My friend looked at the patch, which was held on with band-aids, and asked her if she had peeled off the backing on the patch.
"What backing?"
Problem solved. After explaining that the plastic patch backing had to be peeled off, and then applied to clean, dry skin, and then pressed on with the hand for thirty seconds or so, the woman ripped off the band aids and applied it correctly.
By the following week the scenes had stopped, and the woman's behavior greatly improved for the rest of the school year.
So I just want to suggest that any psychiatrist who prescribes an estradiol patch should demonstrate application techniques to the patient, or to whomever handles the patient's medication.
Probably a good idea to demonstrate how to apply the estradiol gel, too, just to be safe.
Got a phone call yesterday from a friend worried about her mother, who is in the hospital. This 82 year old lady has multiple health issues, among them an enlarged heart and cardiac arrhythmia problems. In simple terms, her heart has had to work too hard and gotten too big, and the electrical signals that should make her heart beat normally are not firing properly. It's a lot like having an electricity problem at home, where the lights keep flickering on and off instead of staying steady. Usually, the doctors will operate and put in a small machine that will ensure that the heart electrical system works correctly, but this woman, Madam X, might not survive such an operation. Many other medications that might help her had to be ruled out because of her kidney problems.
Her doctor, being a very smart cardiologist indeed, knew that there was a simple, non-invasive treatment that would improve her heart rhythms, relax the veins and arteries to take the pressure off of her heart, and would improve the muscle function of the heart. This medication is the same stuff that her body made when it was younger, so it won't cause any liver or kidney problems, and is relatively inexpensive. I'll even give you a really big clue-it will help improve her bladder control and incontinence problems. Give up?
Estradiol. The primary female hormone made by the ovaries before menopause.
Madame X uses an estradiol patch on her arm twice a week, and has not had cardiac arrhythmia problems since she started using it. At 82 years of age, this is not about hormone replacement therapy, but about finding the best treatment for her personal health problems. During the recent health crisis, the hospital removed her from all medications while it tried to figure out the source of her kidney problems-this is standard protocol with sound science to back it up. However, the loss of her estradiol patch nearly killed her as her blood pressure dropped and she developed heart arrythmias. After intervention from her cardiologist, her estradiol patch was replaced, and within hours her heart rhythm settled back down again. From a humane point of view, this was much less scary for an elderly, confused woman than a bunch of heart machines. From a cost point of view, this was thousands of dollars cheaper. She's feeling a lot better today. They will send her, with her estradiol patches, to a rehab facility in a day or two.
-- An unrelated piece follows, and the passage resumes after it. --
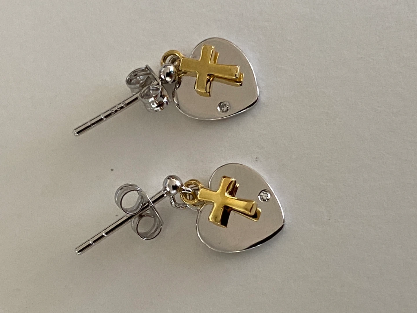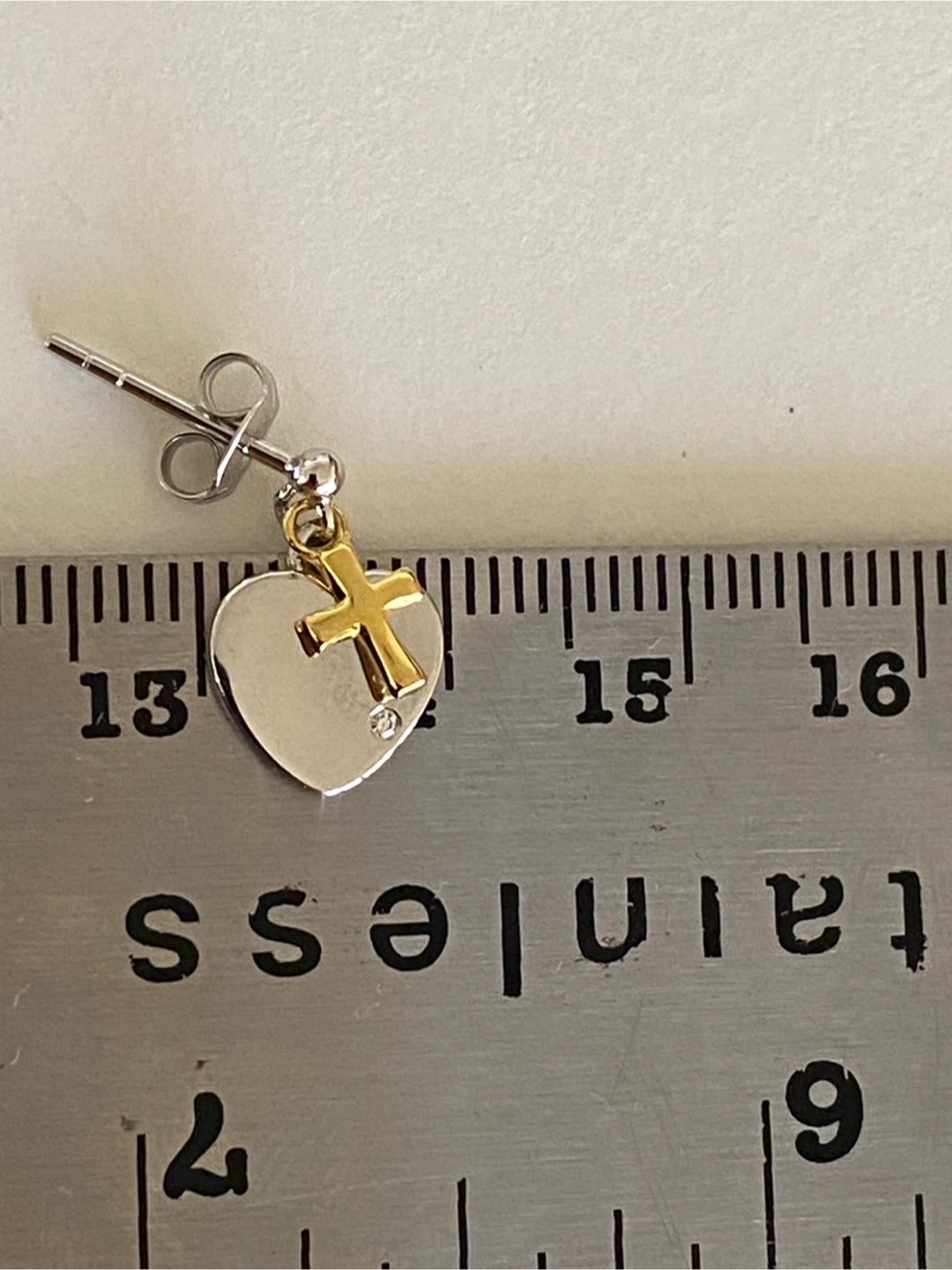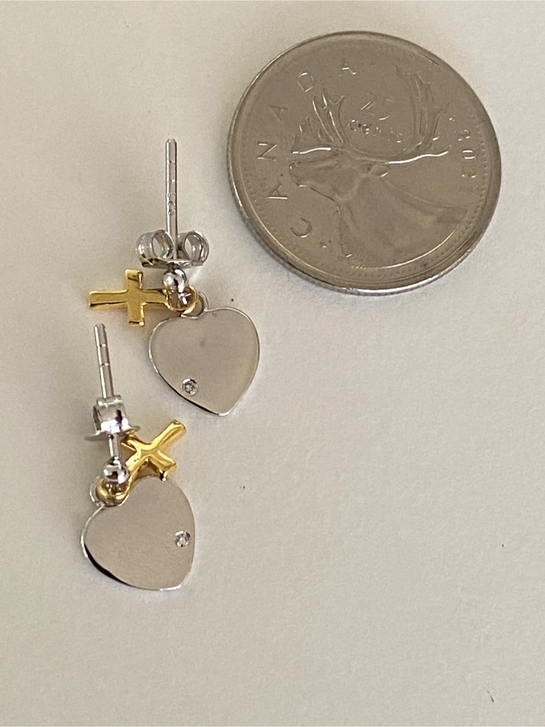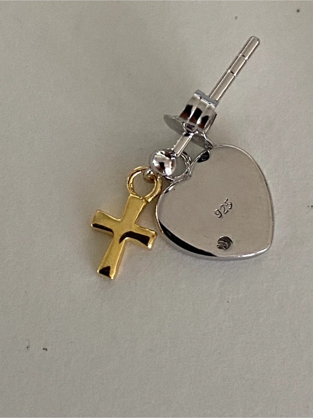 These are a new pair of cute heart-shaped earrings! They are made of 925 sterling silver and feature a gold-tone cross accent. Pick up at Yonge and Bloor

Want to read the research? Here's a list of selected research citations about cardiac arrhythmiasfrom the government research database, PubMed:
http://www.ncbi.nlm.nih.gov/pubmed?Db=pubmed&DbFrom=pubmed&Cmd=Link&LinkName=pubmed_pubmed&IdsFromResult=20004189
Selected research about the effects of estradiol on the urinary tract is here:
http://www.ncbi.nlm.nih.gov/pubmed?Db=pubmed&DbFrom=pubmed&Cmd=Link&LinkName=pubmed_pubmed&IdsFromResu
Dr. Elizabeth Lee Vliet, who specializes in women's health, has some similar stories in her books, Screaming To Be Heard, and It's My Ovaries, Stupid. Those stories, about young women with cardiac problems, deserve a separate post, though.